I know I have been completely absent again. I enjoyed the writing challenge I was doing, I was loving writing every night while I fed Charly, but life was a bit hectic with baby all night wake ups and work, so I took a step back… And fell off the ends of the earth.
I pulled another of my disappearing into something else manoeuvres. It’s what I do when I am feeling overwhelmed, I escape into another world. Pre-Charly, porridge brain and sleep deprivation, when I had a larger attention span, I would read – devouring entire books in hours, entire series of books in weeks. I haven’t had the mental capacity yet to finish the book I was reading when I had Charly. For now, it’s tv series. Since I last wrote, I have watched 5 seasons of Parenthood – only in the evening and on weekends, “work hours” in the week are purely for work and Charly – so yes, escapism.
As I neared the last few episodes of season 5 on Sunday evening, I could feel myself coming reluctantly back to the world. Somehow when I do these little mental getaways, I do process things in the back of my mind. I am feeling a little clearer, though not that much less overwhelmed; though I have mostly found a rhythm with navigating the tightrope between full time mom and work.

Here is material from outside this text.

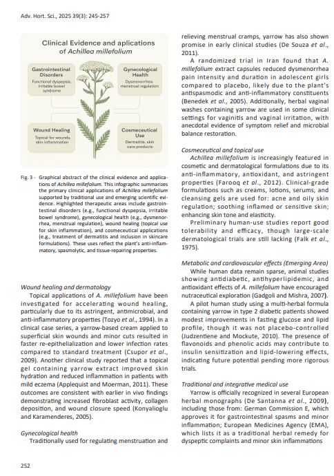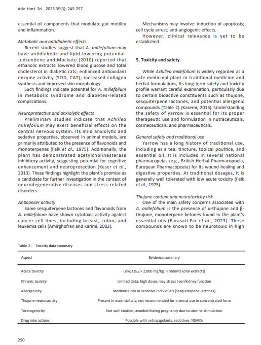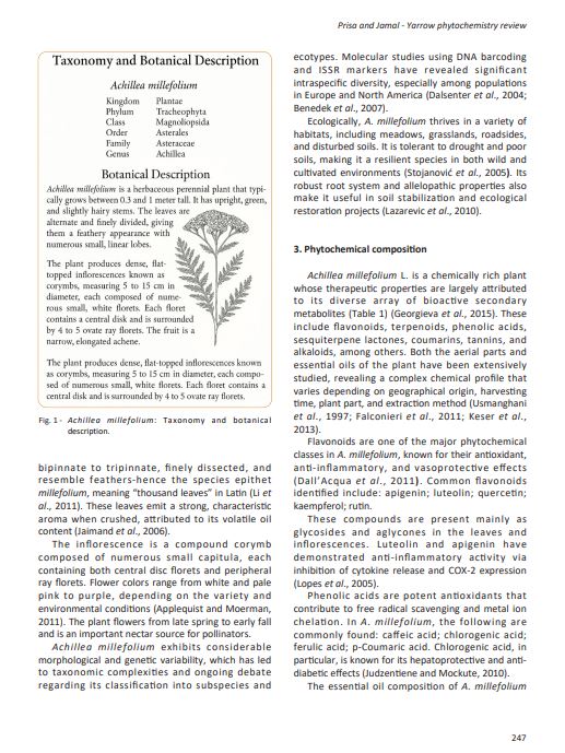 Abstract: Achillea millefolium L., commonly known as yarrow, is a perennial herb traditionally used in various cultures for its therapeutic properties. Belonging to the Asteraceae family, it has gained attention for its rich phytochemical composition, including flavonoids, terpenoids, sesquiterpene lactones, phenolic acids, and essential oils. These bioactive compounds contribute to a wide range of pharmacological activities such as antiinflammatory, antimicrobial, antioxidant, antispasmodic, and wound healing effects. Ethnobotanical use of yarrow includes treatment of gastrointestinal disorders, skin injuries, menstrual irregularities, and respiratory infections. Modern preclinical studies have substantiated many of these traditional claims, although clinical validation remains limited. Additionally, its essential oil components show potential in cosmetic and food industries due to their preservative and aromatic properties. Despite its therapeutic promise, concerns related to allergic reactions and toxicity at high doses, particularly from thujone containing oils, warrant further safety assessment. This review aims to consolidate current scientific knowledge on A. millefolium, highlighting its pharmacological relevance, phytochemical diversity, and future potential in evidence based herbal medicine and natural product development.

Introducing solids has been a lot more difficult than I had anticipated. The first day Charly seemed to love the rice cereal and ate most of the 2 teaspoons; there were no tears or gagging or choking, just a smily baby savouring every mouthful.
The next day she had the first few tastes, then started gagging and spitting and forcing her lips together so tightly I couldn’t force them open with the spoon. Since then we have tried purity (fruit and veg), homemade purée (fruit and veg), Woolies baby food mix, mixing cereal and fruit, and we were getting nowhere. Every now and then she will eat a little and I will get excited, but she has only finished cereal and pear mix once and one serving of the Woolies mix and it’s been 3 weeks.
Her tummy has also not been happy at all; from working after every feed when we were exclusively breastfeeding to only every 2 days suffering terrible discomfort and then a very upset tummy once it does go; it has been an ordeal for everyone.
I really thought it was going to be easy; she has been showing all the signs of readiness for a while, but I steered clear until 24 weeks as per the nursing sister’s suggestion and because she has thrived beautifully purely on breastmilk. She has been sitting beautifully for as long as we leave her for close on a month already, having started just after 3 months. She puts everything in her mouth, including her spoons and her plates and actively tries to grab my food. She even copies my chewing motions while watching me eat. My kid is literally the poster child for readiness, and yet she won’t eat. The one feed we’ve been trying to give her a day leaves us both a mess, literally and emotionally.
After a lot of research, I decided to give Baby Led Weaning a try (giving baby sticks of safe foods to feed themselves). Yesterday she demolished nearly 2 sticks of avo, seeming to love it and the massive mess I allowed her to make. I was so excited and hopeful.
Today, not so much. She wasn’t interested in the avo, so I cooked her some pear which she also showed no interest in past a few sucks. I am trying not to get despondent already, because she has been very out of sorts today in general, her teeth seem to be really bothering her again. But I am struggling with positivity at the moment.
Another reason for my battle with positivity is that I went shopping for a couple of outfits for the upcoming weekend. I have been so excited about the #CTMEETUP and my niece’s second birthday that it didn’t occur to me that I have only 3 outfits that fit me and none of them are special occasion friendly. I do not feel comfortable sharing how much weight I am carrying or how much bigger the clothes I had to buy were, and I suppose that says it all since I have shared everything else with you. Suffice it to say I ugly cried as I tried things on and as I paid for them and as I lay in my bed the rest of the day and night. I even had to buy new shoes because my shoe size has gone up, and they are ugg boots, not the pretty shoes I might have bought before.
I desperately hope nobody responds to this post with talk of diet and exercise; I know I need to get there, but right now I am running on empty. I breastfeed at least every 3 hours 24 hours a day; I get maybe 6 hours of broken sleep a night; I’m dealing with a teething angel who only wants her mommy; I’m researching and writing business articles for journals and maintaining a client blog while trying to keep this blog alive and be a good mommy, wife, daughter, sister, aunt, cousin, niece and friend; so if you come between me and my potatoes or rice or pasta (or a bowl made up of all of these covered in cheese and bacon) – I will hurt you. And no, exercise does not make me feel energised and good about myself, it never has, even when I did it long term; it makes me tired and most of all hungry.
This was a rant post, I needed to get it out of my system. It will be immediately followed by a much MUCH happier one, so let’s close this off and move on.